**Problem to solve:**
Repeat the entire listing exactly. Omit all pictures.

**Data shown:**
□ □ □ □ □
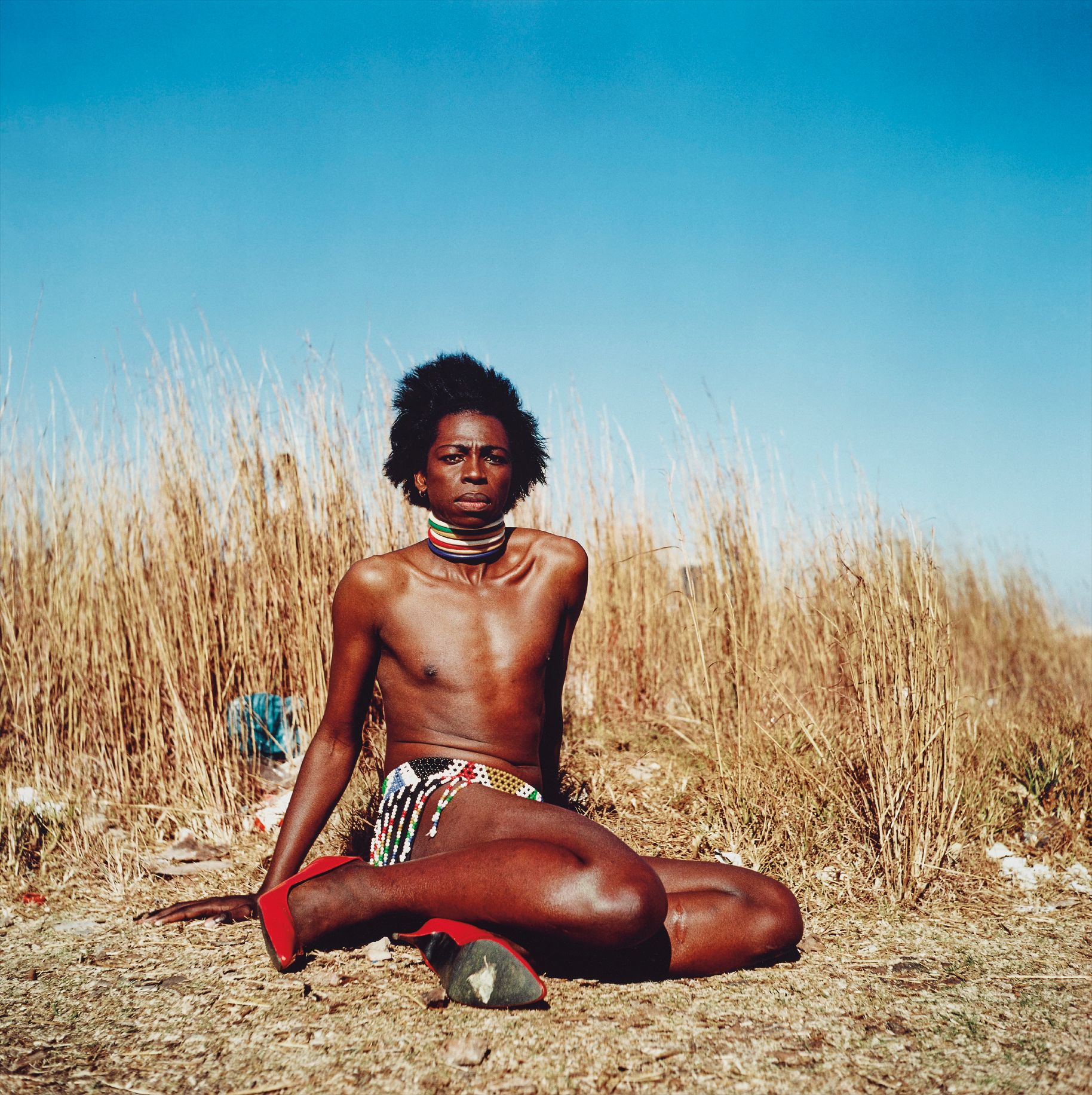 Zanele Muholi's portrait from her ongoing series celebrating Black lesbian identity and visibility. The work is part of a larger project affirming dignity, beauty, and presence within marginalized communities.
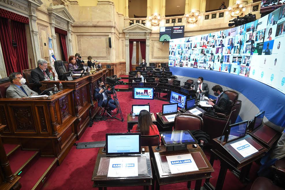 Anoche el Senado aprobó sin la oposición un proyecto de ley que fija en 24.500 millones de pesos anuales el monto que el Gobierno le transferirá a la Ciudad de Buenos Aires por el traspaso de la policía, en una sesión especial en la que se dio aval, además, a una modificación del protocolo de sesiones virtuales.
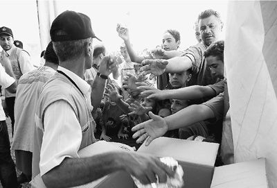 约旦于7月底在马弗拉克省开放了其境内的第一所叙利亚难民营,为不断涌入的叙利亚难民提供人道主义帮助。图为联合国难民机构工作人员向叙利亚难民分发食物。 人民视觉
□ □ □ □ □
**Exercise response:**
 Zanele Muholi's portrait from her ongoing series celebrating Black lesbian identity and visibility. The work is part of a larger project affirming dignity, beauty, and presence within marginalized communities.
 Anoche el Senado aprobó sin la oposición un proyecto de ley que fija en 24.500 millones de pesos anuales el monto que el Gobierno le transferirá a la Ciudad de Buenos Aires por el traspaso de la policía, en una sesión especial en la que se dio aval, además, a una modificación del protocolo de sesiones virtuales.
 约旦于7月底在马弗拉克省开放了其境内的第一所叙利亚难民营,为不断涌入的叙利亚难民提供人道主义帮助。图为联合国难民机构工作人员向叙利亚难民分发食物。 人民视觉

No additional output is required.